Quanto à interação com outros atores políticos e institucionais, assevera que o judiciário sofre a influência de outros fatoras, como por exemplo: a preservação ou expansão do poder da corte, estando em jogo aqui a delimitação estratégica de seu espaço de atuação, e, portanto, sua relação com outros poderes órgãos e entidades estatais; a perspectiva de cumprimento efetivo da decisão, já que não se pretenderia correr o risco de ter uma decisão que não seja cumprida; as circunstâncias internas dos órgãos colegiados, que, no caso do Brasil, que adota o modo agregativo, ou seja, cada ministro ou desembargador vota de forma autônoma, não é incomum que um julgador se curve ao voto do outro para que não fique derrotado na questão analisada, ou que um acompanhe o outro em busca de reciprocidade; a opinião pública, destacando que o judiciário não poderia ser escravo dos anseios sociais, mas que esse elemento pode vir a ser, por vezes, determinante para os desfechos de muitos processos que tocam às questões mais controvertidas, sendo, assim, um fator jurídico de extrema relevância79.

Diante do que, indica que, embora o direito não possa oferecer para todos os casos decisões pré-determinadas em seu ordenamento, ele limitaria as possibilidades de solução, devendo-se observar as alternativas de sentido dos textos e harmonizar-se com o sistema jurídico como um todo, não podendo os argumentos utilizáveis ser somente de “razão pública”, mas devendo estar dentro de uma lógica jurídica.

Assevera, também, que as decisões devem sempre passar por um crivo de racionalidade e razoabilidade e que isso implica um segundo grau de jurisdição, bem como o controle social dos demais membros da sociedade e atores jurídicos, sendo inclusive os sítios jurídicos da internet um dos espaços informais dessa discussão.

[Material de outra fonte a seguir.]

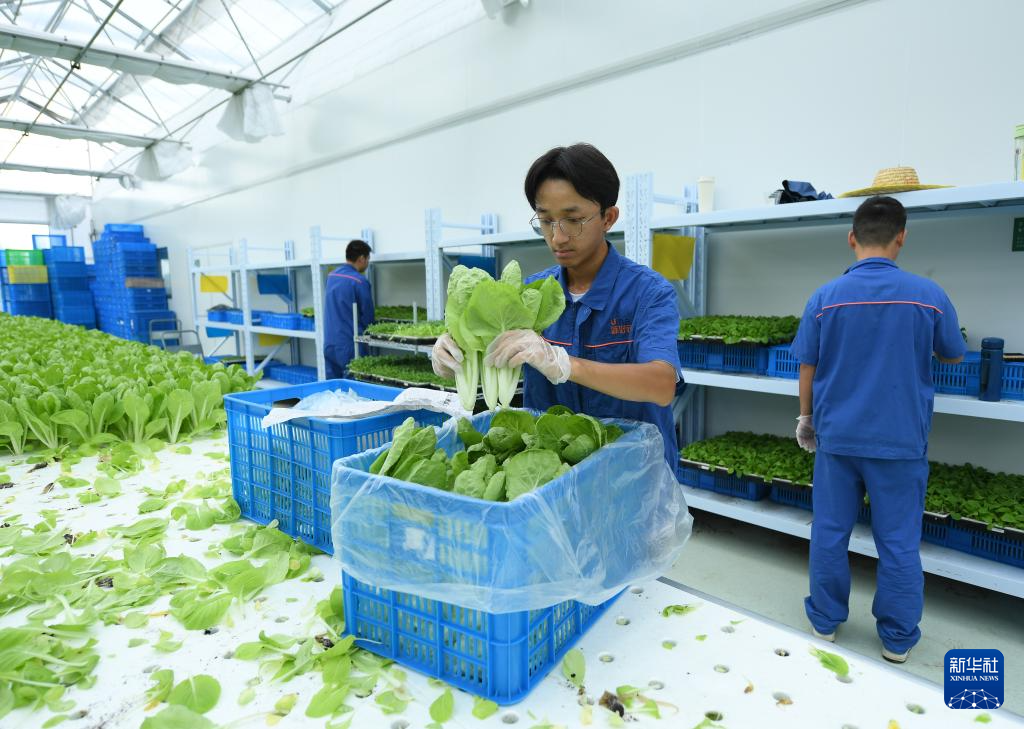 8月29日,工作人员在“红芯植物工厂”采收杭白菜。
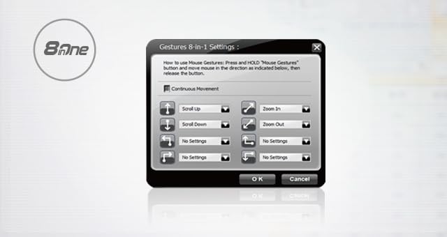 - 8 في واحد: 8 إيماءات لأداء أوامر مفتاح الاختصار القابلة للاختيار.

E essa prática revelaria com mais nitidez um direito que se relaciona com a política, mas de forma transparente e não “escamoteada”80.

78 Ibidem, p. 266 – 269. 79 Ibidem, p. 269 – 280. 80 Ibidem, p. 280 – 281.

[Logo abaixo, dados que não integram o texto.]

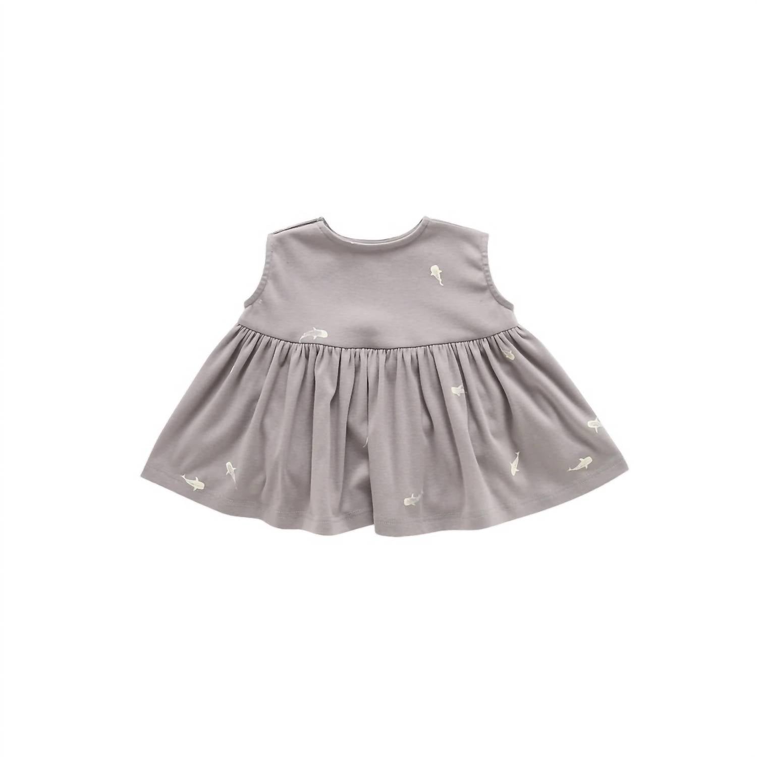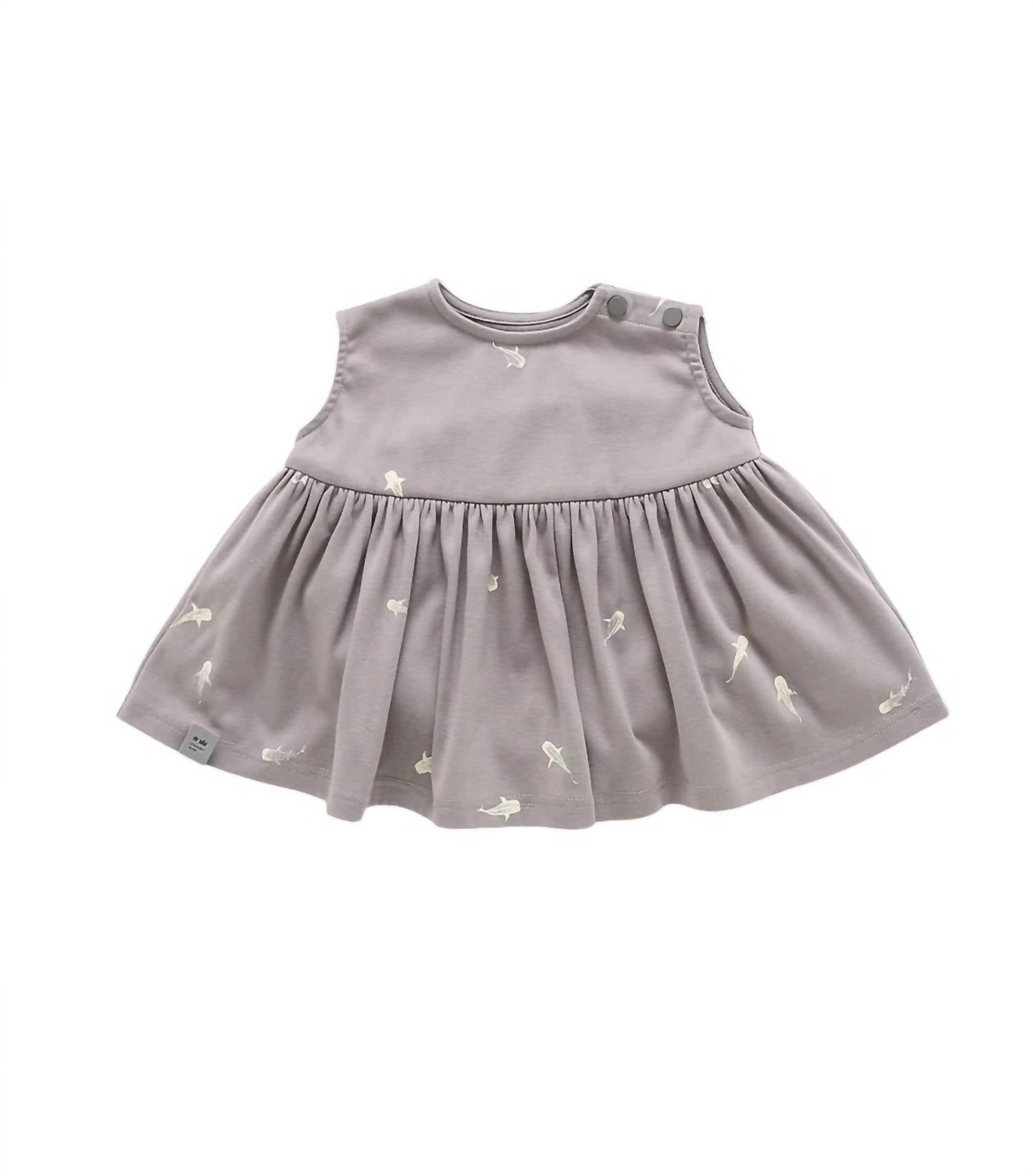 Tiny whale sharks print and a super soft, brushed jersey fabric. Fit and flare silhouette with generously shirred skirt is perfect for a special event or family pictures but also comfortable enough for everyday adventures. Shoulder snap opening. Faux suede logo label detail. Elasticized waist. 100% cotton.
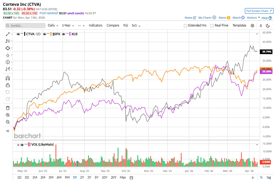 CTVA stock has outperformed the S&P 500 Index’s ($SPX) 28.4% gains over the past 52 weeks, with shares up 40.9% during this period. Similarly, it outperformed the State Street Materials Select Sector SPDR ETF’s (XLB29.7% returns over the same time frame.
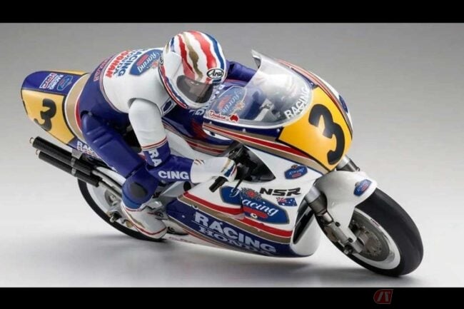 またラジコンで有名な「京商」は、1992年にRCバイクの「ハングオンレーサー」を発売。乗車するライダーのフィギュアは関節が13カ所もあり、車体を傾けると連動してヒョイッと腰をズラしながらイン側のヒザを開きます。
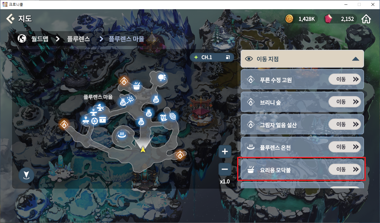 요리를 하기 위해서는 요리용 모닥불 근처로 가야한다. 요리용 모닥불은 어디서든지 갈 수 있기 때문에 맵을 클릭하여 이동지점을 통해 요리용 모닥불로 가야한다. 요리를 하려면 당연히 불이 있어야 하기에.

34 Fechando seu texto ele defende certo grau de ativismo no contexto da judicialização da política. Por fim, diz que o direito e a política, que representariam a razão pública e a vontade popular, fariam parte de dois extremos de um eixo para o qual haveria um inconstante movimento rotacional que, ao fim e ao cabo, dependeria do ponto de vista de cada um.